Research talk:Anonymous editor acquisition/Signup CTA experiment/Work log/2014-04-03

From Meta, a Wikimedia project coordination wiki

Thursday, April 3rd[edit]

Today I need to build an estimate of the number of anon editors that we see in a 1-2 week period so that we can figure out how long our experiment will need to last. I'm going to assume boolean metrics and a 2-3% change. Luckily, I've already done this analysis for a previous study. See File:Onboarding.rollout.proportion_test.pvalue_by_observations.svg. It looks like we should have no problem identifying significant effects with 5000 users per condition.

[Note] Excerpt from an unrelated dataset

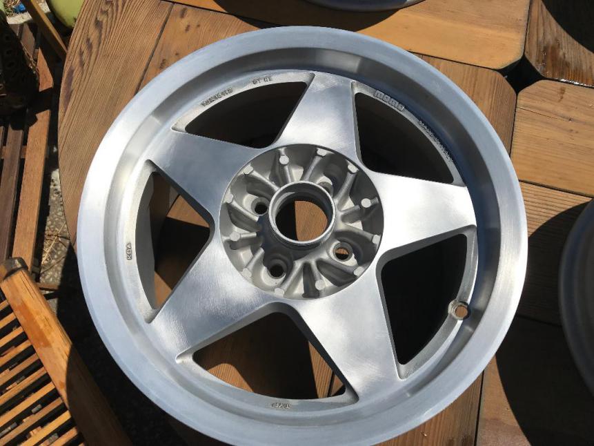 I have a very nice set of RARE old school 4 x 100 15 x 7 ET25 MOMO Penta star wheels. None of the wheels have any curb rash nor are any of them bent. The center donut pieces (lack of a better word) are nice, no nicks or scrapes. Three of the nuts are decent and have some small nicks from where someone at one time has tried to use a pair of pliers to remove them and I believe the gouges are minor enough where you should be able to file and sand them out. One of the nuts is kind of bad and you may need to source another one. None of the lug nut holes have any "egging out". When I got them, someone had already stripped all of the paint off of them and tried to polish the surface of them. I wet sanded the machine marks off of the faces with 220 and 2000 grit on the outside lips on all of them, in anticipation of polishing them. I just don't have the time to complete them. They could all just be painted (like the were originally from the factory) or finish polishing them. I would prefer to sell these to someone in California (I'm located in Salinas) and who could come and pick them up as Shipping will probably be quite a bit. I will still work with someone who wants to ship them, but I would have to see what it would cost to ship them to their location. I can send additional photos if needed to whoever sends me a cell Number to send them to. Payment to be made via Pay pal friends and family. $600. OBO + shipping.Comment

That means I need 15k users to cover the three conditions (control, pre-edit CTA & post-edit CTA).

Until I can make use of tokens, my best way to estimate the # of anon editors is by looking for unique IP addresses and user agents over time using the cu_chamges table (see mw:Extension:CheckUser). --Halfak (WMF) (talk) 15:52, 3 April 2014 (UTC)[reply]


Created project repo: https://github.com/halfak/Anonymous-phenomena

I'm hoping to use this for all anon studies -- not just the current one. --Halfak (WMF) (talk) 15:55, 3 April 2014 (UTC)[reply]


I made the following figure to make sure that the timeline of the experiment was clear (assuming two week observation period):

The timeline of experimentation and observation is presented.
Timeline. The timeline of experimentation and observation is presented.

I'll have to modify it when I'm done with the power analysis. --Halfak (WMF) (talk) 15:55, 3 April 2014 (UTC)[reply]


> SELECT
    ->     COUNT(*) AS ip_agent_count,
    ->     COUNT(DISTINCT cuc_ip) AS ip_count
    -> FROM (
    ->     SELECT
    ->         cuc_ip,
    ->         cuc_agent
    ->     FROM cu_changes
    ->     WHERE
    ->         cuc_user = 0 AND
    ->         cuc_timestamp BETWEEN "20140325" AND "20140401"
    ->     GROUP BY 1,2
    -> ) AS unique_ip_agent;
+----------------+----------+
| ip_agent_count | ip_count |
+----------------+----------+
|          97847 |    92969 |
+----------------+----------+
1 row in set (5.15 sec)

So, if IP or IP/Agent is a good way of estimating the # of users, it looks like we'll have about 92k-97k anons to work with in one week of experimentation. We might even get twice that many attempting to edit. We don't want to do less than a week due to the periodic nature of weekends and weekdays. Time to update the experiment duration to reflect a week. --Halfak (WMF) (talk) 21:03, 3 April 2014 (UTC)[reply]